Sen. Bernie Sanders (I-Vt.) on Wednesday is unveiling legislation that would place a hard cap on the size of financial institutions, a proposal that would splinter Wall Street’s biggest firms in an effort to ward off future taxpayer bailouts.
WaPo
If only.
The measure is dead on arrival with a Republican Congress and President Trump in office. And even if the current Democratic Party were to take control of government, it would face a difficult path to passage, as many of the party’s moderates have opted for answers to the banking crisis that did less to alter the financial system.
Made all the less possible by Bush and Obama's handling of the 2008 financial crisis. Of course there's no political will to rein in the financial institutions. As long as you can bleed the taxpayer. Gee, wasn't going up against those guys a Trump campaign promise? Who in the world thought that would happen?
Sanders’ bill would bar financial institutions from holding assets, derivatives, and other forms of borrowing worth more than 3 percent of the entire U.S. economy, or $584 billion in today’s dollars.
The legislation would force federal regulators to break up six different Wall Street firms — JPMorgan, Bank of America, Citigroup, Wells Fargo, Goldman Sachs, and Morgan Stanley — as well as insurance giants such as Prudential Financial and MetLife. Collectively, the targeted firms hold more than $13 trillion in assets, according to Sanders aides.

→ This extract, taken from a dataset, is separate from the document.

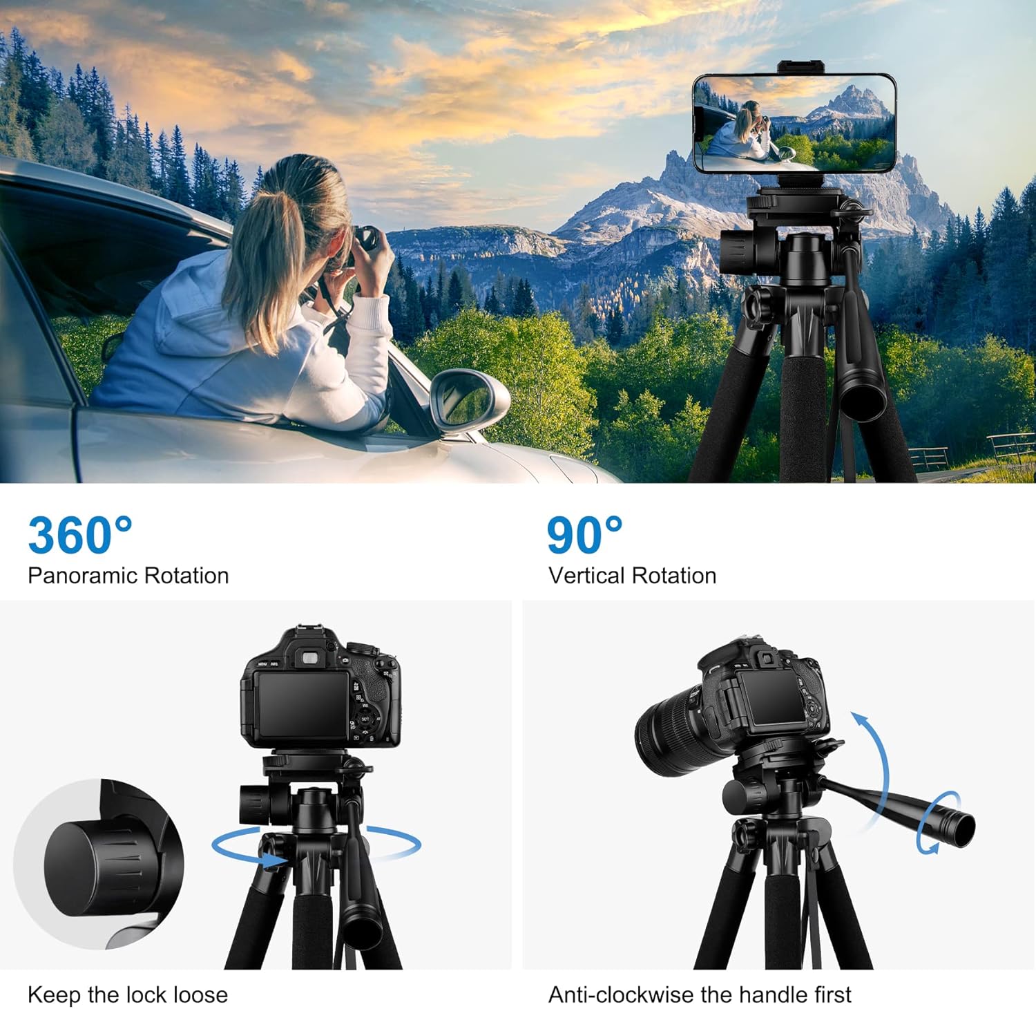 『360 Degree Swivel Ball Head』Built-in bubble level and 3-way pan head allows for tilt and swivel adjustment, easily to choose portrait or landscape options. The tall camera tripod support 360°panoramic shooting and 90° vertical shooting
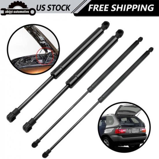 4Pcs Front Hood+Rear Window Glass Lift Support Gas Shock Struts For BMW X5 E53

Despite its unlikelihood of passing in the near-term, the measure could become a marker for Democrats seeking support from the party’s progressive voters, much like a single-payer, universal health care system has become.
[...]
In response to the 2008 [financial] crisis, Democrats narrowly passed a broad banking law that was meant to ensure that “too big to fail” banks took steps to ward off failure, subjecting the largest firms to more stringent restrictions aimed at limiting their risk.
The law, signed by former president Barack Obama, had 16 separate chapters and ran more than 2,300 pages long. Sanders’s measure runs seven pages, and instead goes after the size of banks, arguing firms of that size pose an inherent risk to the economy.
[...]
“This legislation cuts to the heart of the matter, by putting a size cap on the largest highly leveraged firms. The size cap is simple, straightforward, and transparent,” said Simon Johnson, an economist at MIT who served as chief economist of the International Monetary Fund and supports the bill. “This measure will bring us closer to full and fair competition in the financial system, where a few megabanks currently predominate.”
Four of the six biggest banks are on average 80 percent bigger than they were when they started receiving bailout funding about a decade ago, according to Sanders aides, as many of the largest financial firms acquired distressed banks during the crisis. JP Morgan, which acquired Bear Stearns in 2008 at the urging of the federal government, has grown by about 60 percent to $2.53 trillion, according to the company’s public disclosure forms.
Holy cow.
[ Thomas M. Hoenig, who recently stepped down as vice chair of the Federal Deposit Insurance Corporation that regulates the banking industry] pointed out that Republicans were joined by more than a dozen Democratic Senators in dismantling parts of Obama’s 2010 Dodd-Frank banking bill, an effort that many Republicans thought did not go far enough.
“Several Democrats just voted to ease capital standards on two of the largest banks,” Hoenig said. “So who is going to pass this law?”
Nobody in
this Congress. But, Bernie's giving the progressives coming on something to run with. I think it's a great idea, whether he can get is passed or not.
Sanders had already called for breaking up the biggest Wall Street firms, but this new bill offers a new mechanism for doing so. Previously, Sanders had called for the Financial Stability Oversight Council to identify and break up “too big to fail” institutions in addition to supporting the reinstatement of Glass-Steagall — the 1930s law keeping commercial and investment banking separate. The new approach sets a clean cap on a financial institution’s size.
Start with bringing back Glass-Stegall, and go from there, but shoot for the moon, because they're going to whittle you down. You need extra padding that you can afford to jettison.
Robert Hockett, a professor at Cornell University who specializes in banking issues and helped draft Sanders’ “too big to fail” legislation, said the measure may more easily garner public support and offers a significant improvement on previous banking legislation.
“Like Obamacare, Dodd-Frank is very long, very nuanced, and very difficult to explain to people,” Hockett said. “It’s so much easier to explain Sanders’ bill.”
Which will make it easier to use in campaign ads.